With --num_clones=3 it is using 3 clones indeed and nvidia-smi looks like this: +-----------------------------------------------------------------------------+ | Processes: GPU Memory | | GPU PID Type Process name Usage | |=============================================================================| | 0 46390 C python 8679MiB | | 1 46390 C python 9191MiB | | 2 46390 C python 9191MiB | | 3 46390 C python 281MiB | +-----------------------------------------------------------------------------+

matteopresutto commented 4 years ago

@YknZhu @huihui-personal @gpapan I am adding new evidence for this issue with the hope of shining more light on it.

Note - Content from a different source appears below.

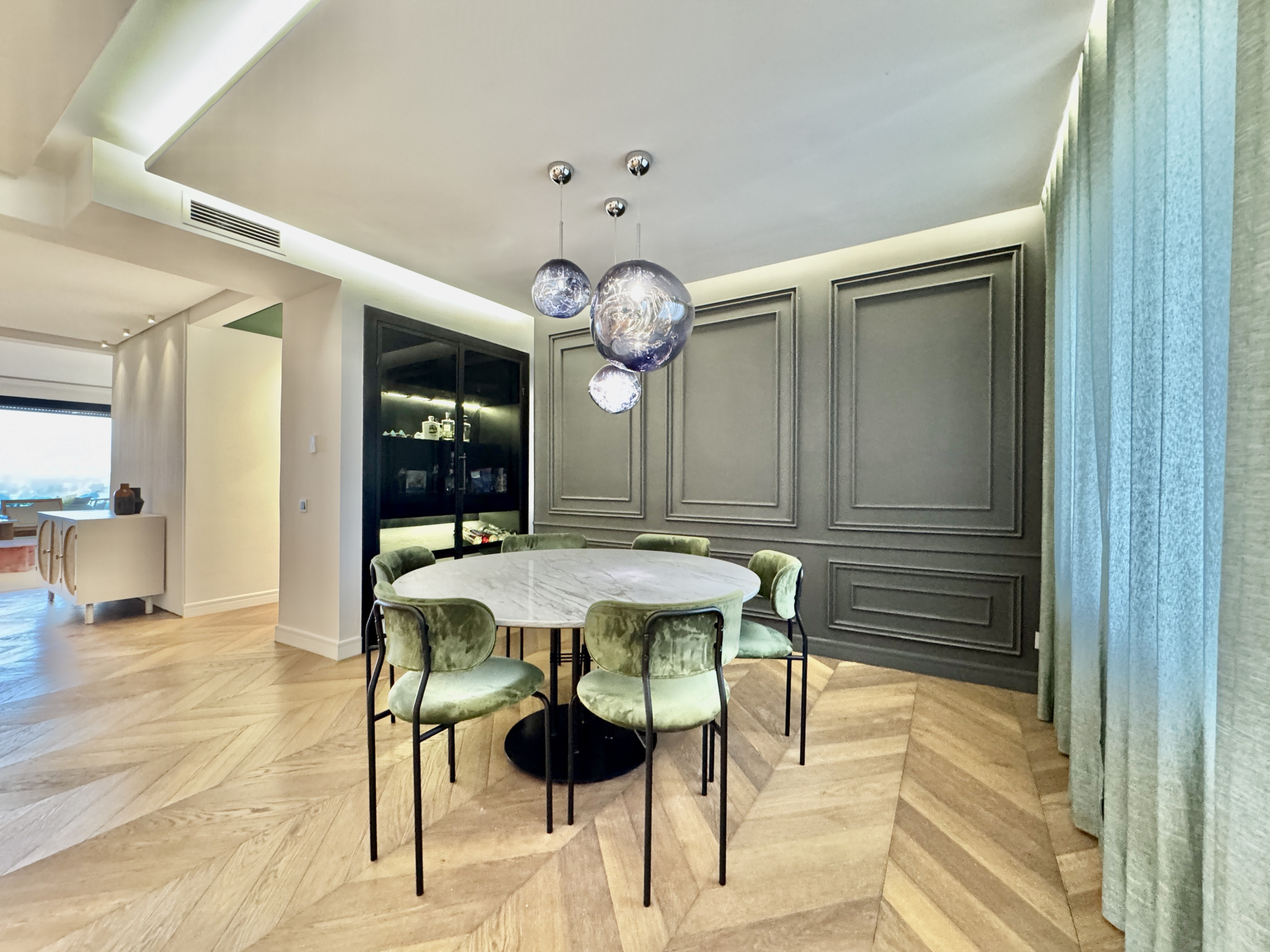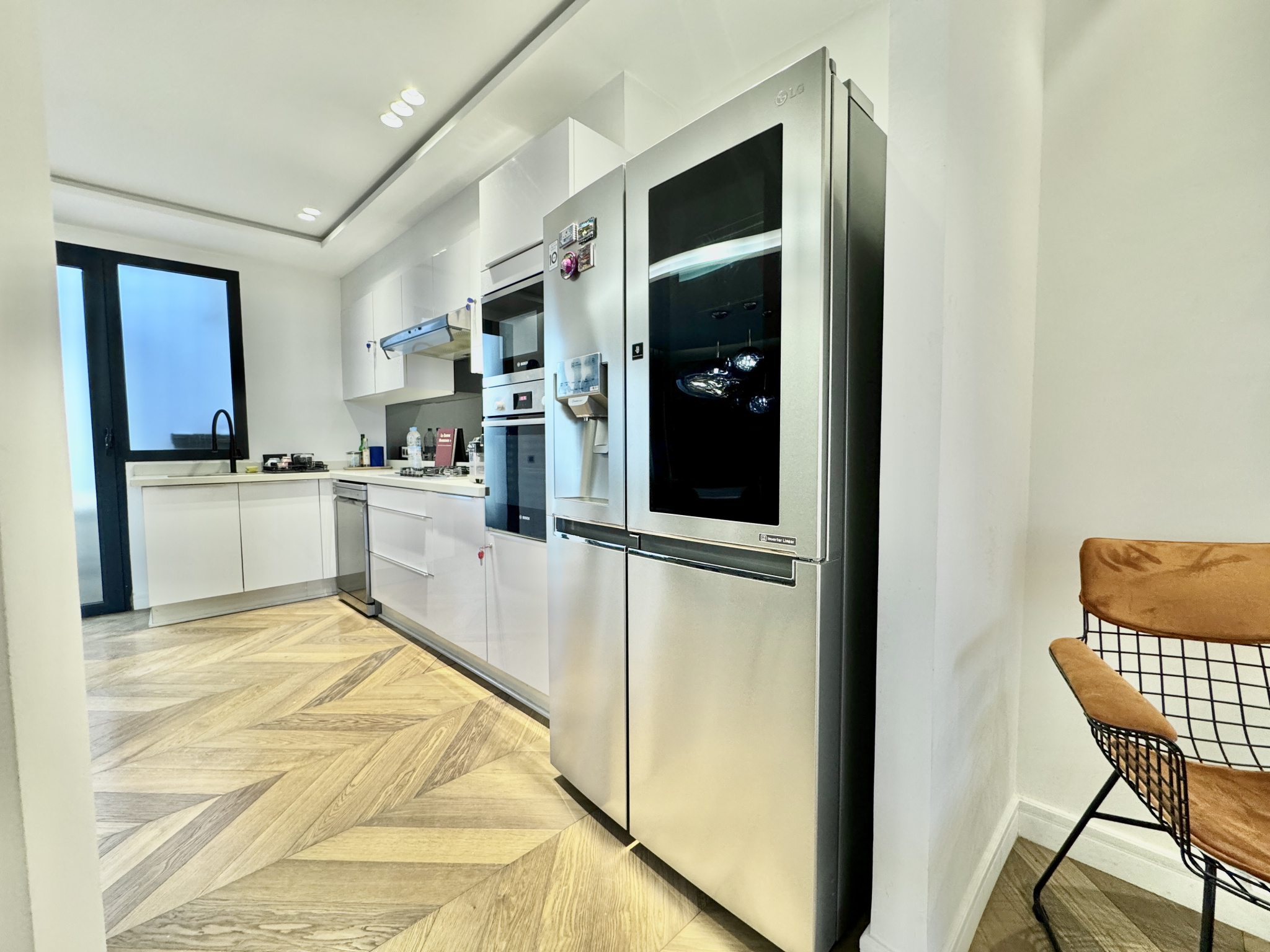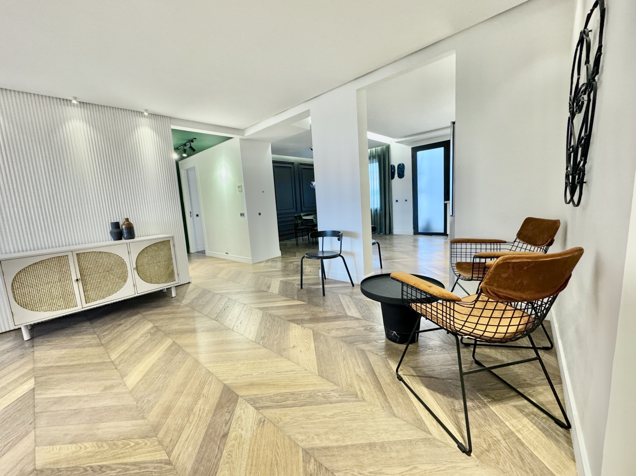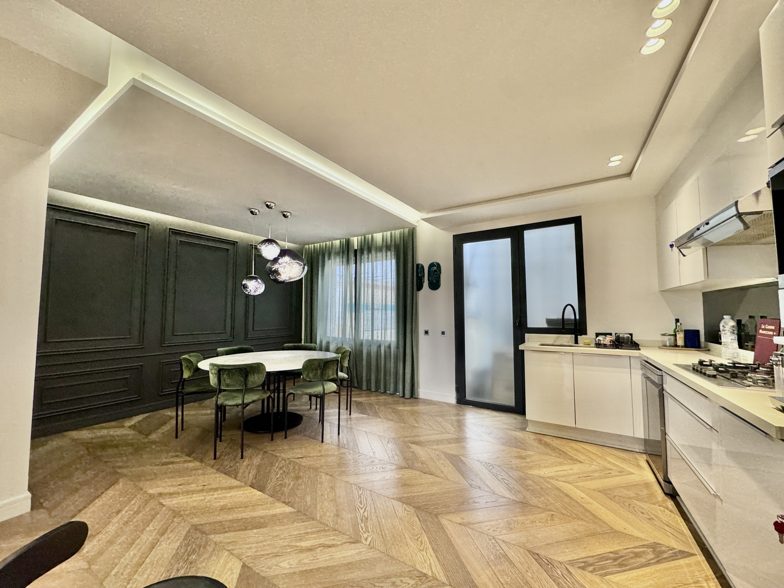 appartement traversant , mobilier design, parquet en bois massif, cuisine premium, salles de bain contemporaines, climatisation et chauffage centralisés, double vitrage, finitions soignées et emplacement recherché au CIL.

This is how the runs I described above converge and how they compare on my dataset: The IOUs for all the classes I have IOU_class0 IOU_class1 IOU_class2 IOU_class3

Precisions: precision_class0 precision_class1 precision_class2 precision_class3

Recalls: recall_class0 recall_class1 recall_class2 recall_class3

Learning Rate comparison: learning_rate

Logits losses: logits_loss

Mean IOU miou

Regularization loss: regularization_loss

And the total loss: total_loss

There are differences in the logit loss, regularization loss and total loss

YknZhu commented 4 years ago

Thanks for the detailed analysis! Note that using multiple clones doesn't guarantee exactly same behavior with single clone and larger batch size (e.g. BN).

We also updated clone implementation (revert back to slim) in https://github.com/tensorflow/models/pull/7788. Would you like to give it a try?

matteopresutto commented 4 years ago

Thanks for the reply @YknZhu and apologies for the late response. I digged deeper on the issue following your advice and indeed the batchnorm update_ops directives in the update vector of tensorflow are separate for each clone. It seems that the moving averages and moving variances are being updated locally for each clone while the gammas and betas are being updated synchronously (as they are actually updated with grandients which are collected and averaged before each descent step). Does the new #7788 commit tackle the asynchronicity of the update_ops for moving averages and variances?

P.S.: my cloned version is from late august of this year